Materials and Methods

RPF Library/Prep/SEQ

Ribosome‐protected fragments: 50 embryos were collected for each time point and immediately frozen in liquid nitrogen. Each sample was lysed in 800 μl of Lysis buffer (1 × Polysome Buffer, 1% Triton X‐100, 1 mM DTT, 25 U/ml DNaseI and 100 μg/ml cycloheximide) according to manufacturer specifications (Epicentre, Artseq Ribosome Profiling Kit Mammalian, HRPHMR12126). The mix was clarified for 10 minutes (min.) at 10,000 g at 4°C. Three microliters of ARTseq Nuclease (Epicentre, HRPHMR12126) was added to 400 μl of the lysed supernatant and incubated at room temperature for 45 min with gentle mixing. Nuclease digestion was stopped with 15 μl of SUPERase·In RNase Inhibitor (Life Technologies, cat. no. AM2696) and chilled on ice. Ribosomes were purified by Sephacryl S400 spin column chromatography (GE Healthcare, cat. no. 27‐5140‐01) or sucrose cushion ultracentrifugation according to manufacturer specifications (Epicentre, Artseq Ribosome Profiling Kit). The 400 μl of treated lysate was divided into four S400 spin columns (1 min/735 ×g). One hundred microliters of 1× Polysome Buffer was added to the same columns and spin again (1 min/735 × g). RNA from the 400 μl samples was extracted with Trizol, and rRNA was subtracted using RiboZero (Ribo‐Zero Magnetic Kit (Human/Mouse/Rat)) (Epicentre; cat no. MRZH11124), following the manufacturer's protocol, omitting the 50°C incubation step. Ribosome‐protected fragments (RPFs) were separated in a 15% Urea gel, and the region from 28‐to‐30 nucleotides was excised. RNA was eluted overnight in 300 mM NaOAc pH 5.5; 1 mM EDTA; 0.1 U/μl SUPERase In (Ambion #AM2694), followed by Ethanol precipitation.

RNA input

Total RNA was isolated from 400 μl of the 800 μl of clarified extract before ARTseq Nuclease treatment. Poly‐A selection was done according to the manufacturer guidelines (Dynabeads mRNA Purification Kit, Cat no.610.06), and RNA was fragmented using the ARTseq Ribosome Profiling Kit Mammalian protocol.

Library preparation

Both RPF and RNA input fragments were cloned according to the ARTseq Ribosome Profiling Kit, Mammalian. The final PCR was carried out with an initial 15‐s denaturation at 98°C, followed by 9‐12 cycles of 15 s at 98°C, 5 s at 55°C and extension at 72°C for 10 s. Reactions were separated on a non‐denaturing 8% polyacrylamide TBE gel, and DNA fragments of the correct size (113 + 28∼29 nt) were extracted and sequenced using an Illumina HiSeq 2000 sequencer.

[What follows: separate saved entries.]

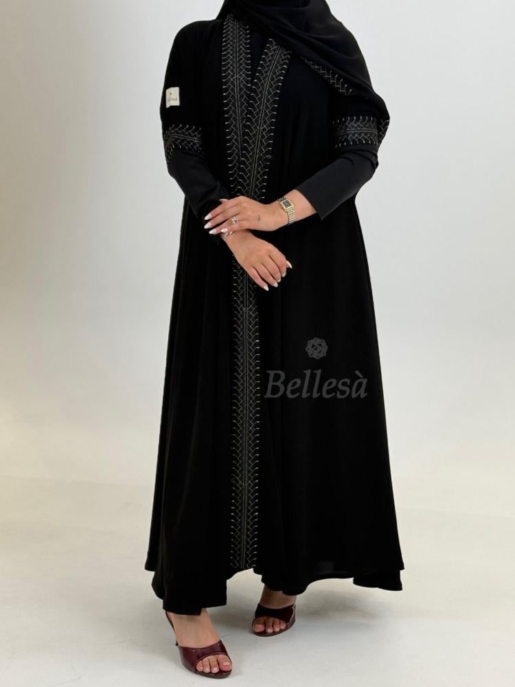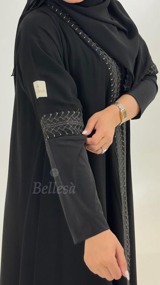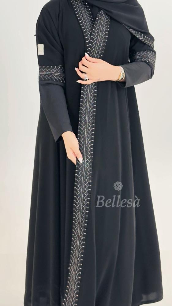 قماش ملكي كوري فاخر سواد فاحم تطريز الامام مع الاكمام لون اسود مضاف عليها اسوارة استرتش( عباية عملية وناعمة ).
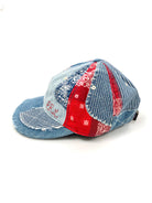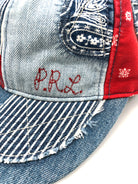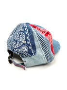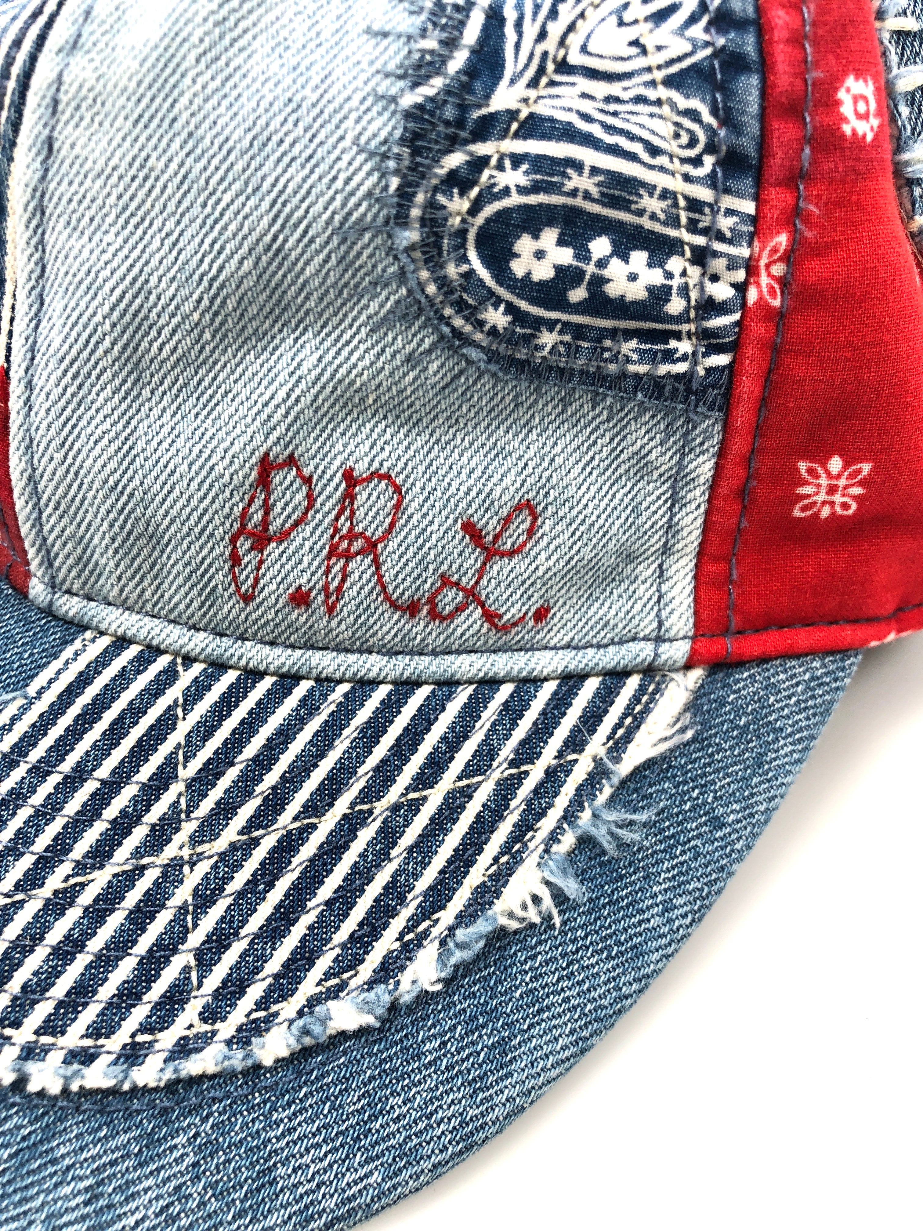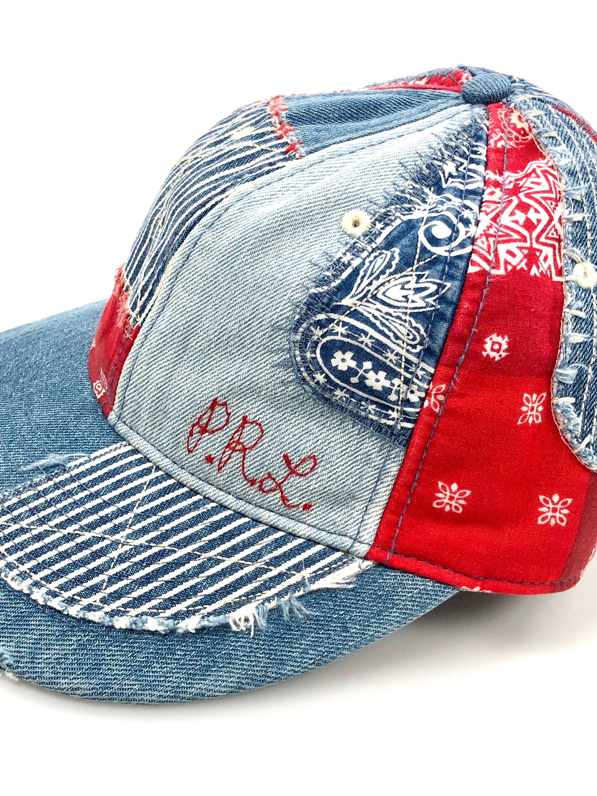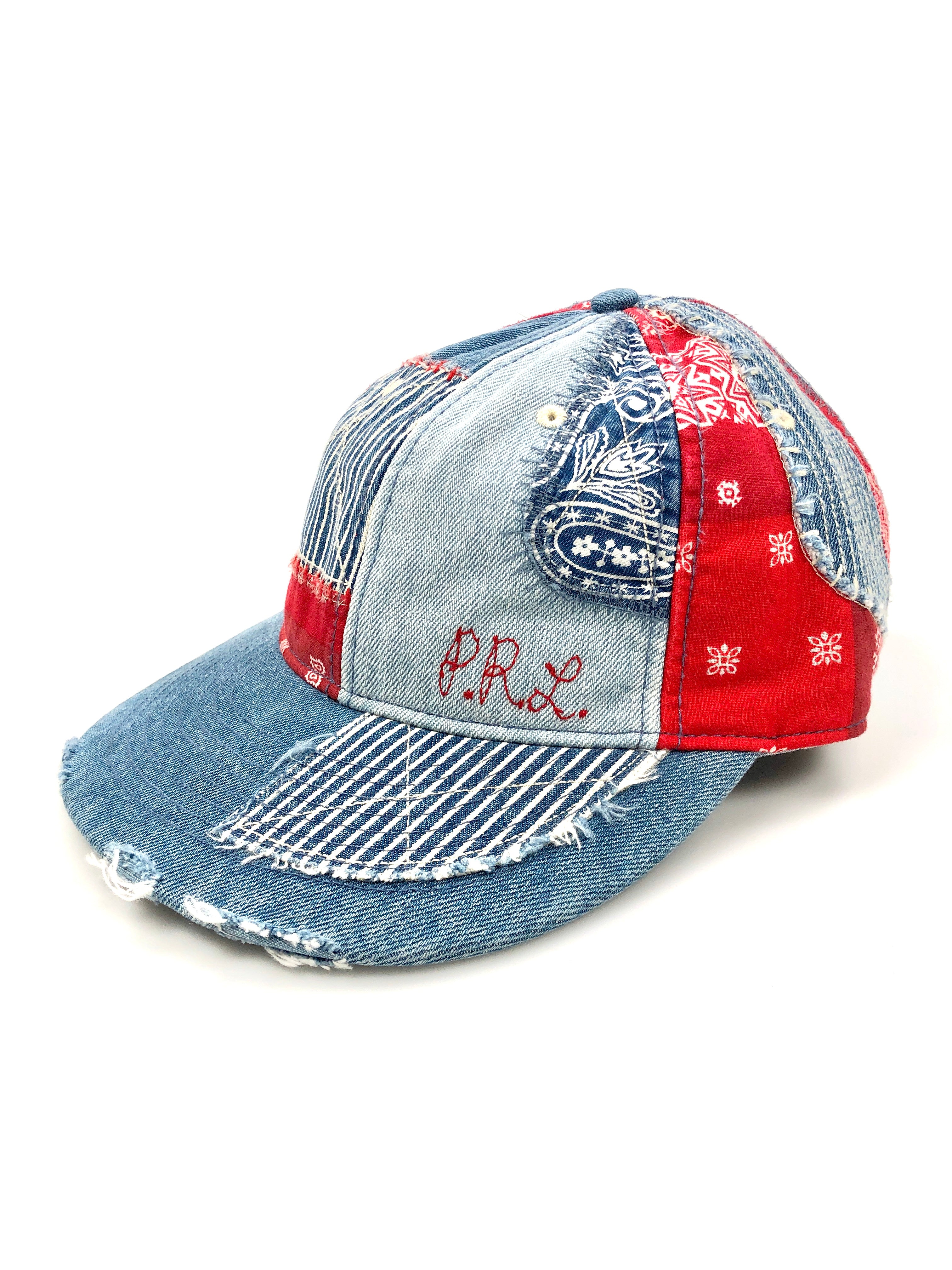 Featuring a patchwork design composed of denim and bandana-print fabrics, this ball cap is distressed on the bill for an authentic timeworn look. Ralph Lauren's signature chain-stitched logo embroidery accents the front.
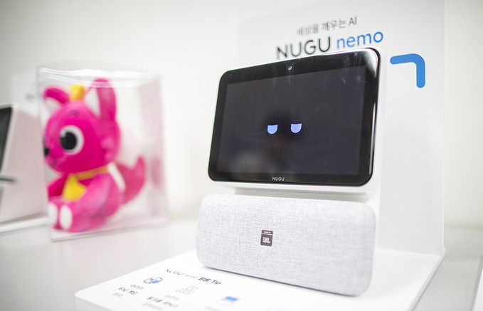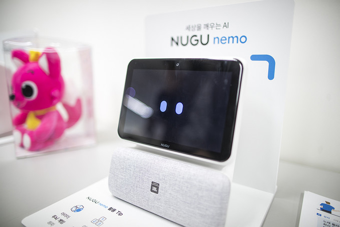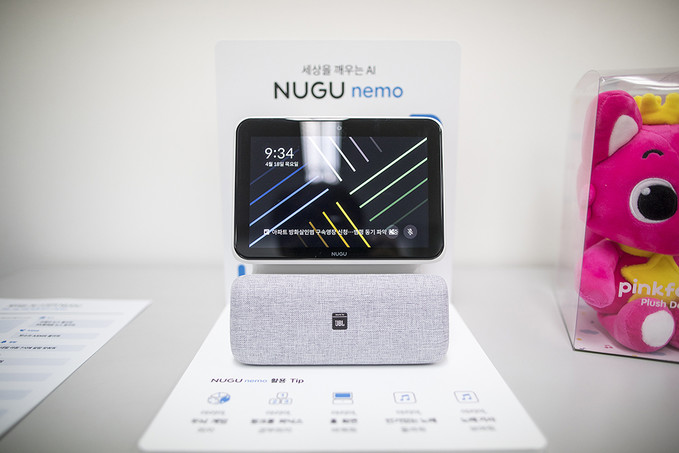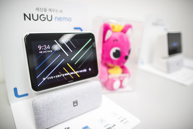 SK텔레콤이 18일 오전 서울 중구 삼화빌딩에서 기존 소리로만 들려주던 정보를 화면으로도 전달하는 디스플레이 탑재형 AI 스피커 ‘누구 네모(NUGU meno)’ 출시 기자회견을 열고 있다.
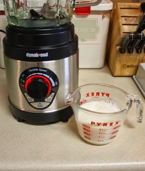 First, you need one cup of liquid. You can use milk, juice, yogurt (a semi-liquid), or even water. I like to use milk because I'm not a big milk-drinker but I know I need the calcium to keep my bones strong and healthy.
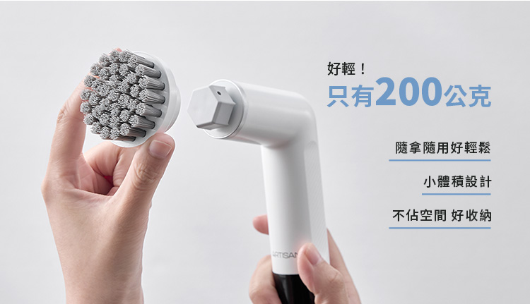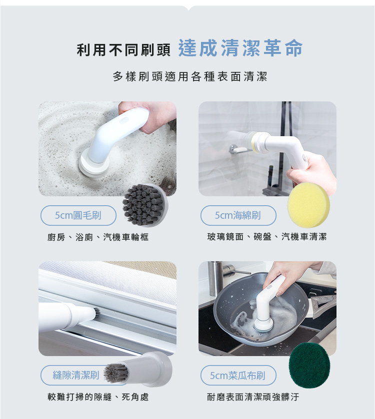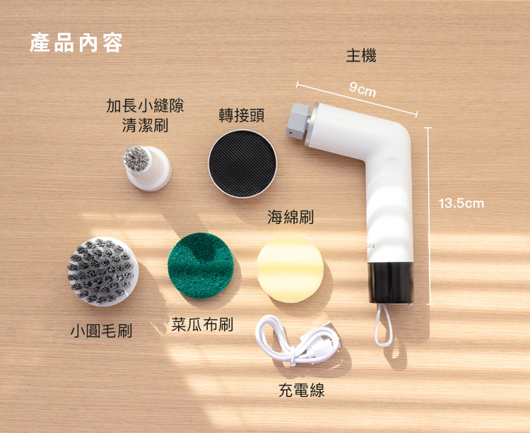 配件:主機、4種刷頭(圓刷/海綿刷/菜瓜布刷/縫隙刷)、充電線、說明書(含保卡)
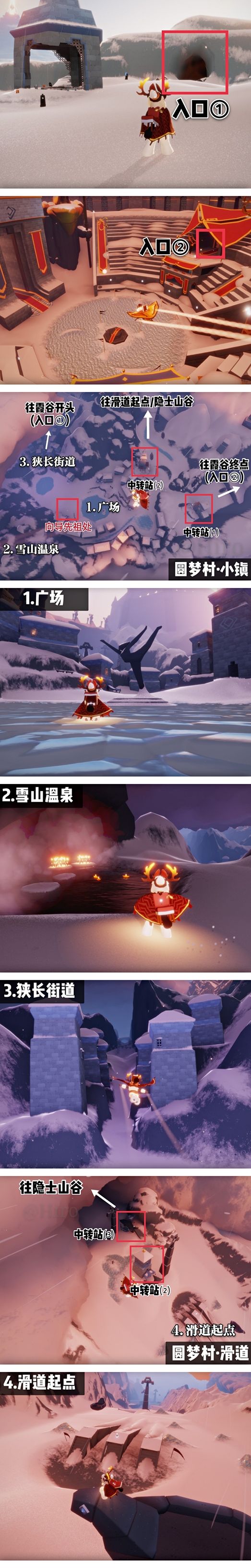 前排提示:1.目前全部攻略已更完,若有调整再更新。2.建议先看地图概览,后续命名基于此。3.如有错误/建议欢迎指出。——————1.24*对入口⑵与任务地点进行更新,霞谷终点新增看台装饰、垂直移动机关、小堆蜡烛等。导航:地图概览→先祖位置→光人位置→缆车与中转站→一.地图概览本次新季有两张大地图:圆梦村与隐士山谷,同时有两个入口可进到新图,分别位于霞谷的开头与任意比赛终点,均通往圆
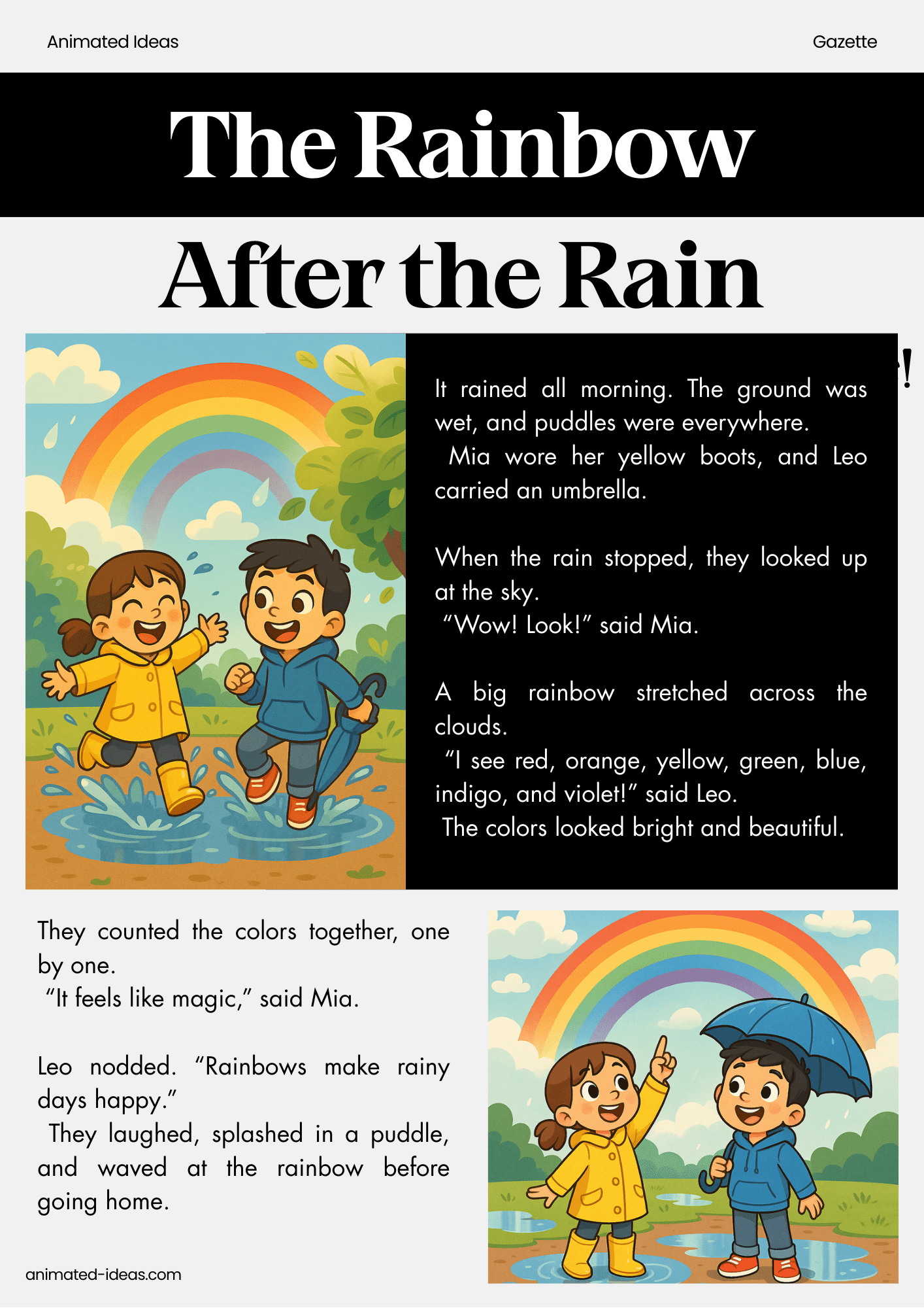 Bring joy to your child’s reading time with the Rainbow After the Rain Gazette – where every rainy day ends with magic! 🌈

Filtering and alignment of ribosome profiling reads

Base calling was performed using CASAVA‐1.8.2. The Illumina TruSeq index adaptor sequence was then trimmed from raw reads by aligning its sequence, requiring 100% match of the first five base pairs and a minimum global alignment score of 60 (Matches: 5, Mismatches: −4, Gap opening: −7, Gap extension: −7, Cost‐free ends gaps). Trimmed reads were then depleted of rRNA, tRNA, snRNA, snoRNA and misc_RNA from Ensembl and RepeatMasker annotations using strand‐specific alignment performed with Bowtie2 v2.1.0 (Flicek et al, 2013) with default parameters. Filtered reads were finally aligned strand‐specifically to the Zebrafish Zv9 (danRer7) genome assembly using Tophat v2.0.8 (Kim et al, 2013) with default parameters and the exon‐junction coordinates from Ensembl r70. The same procedure was applied to the “input” reads.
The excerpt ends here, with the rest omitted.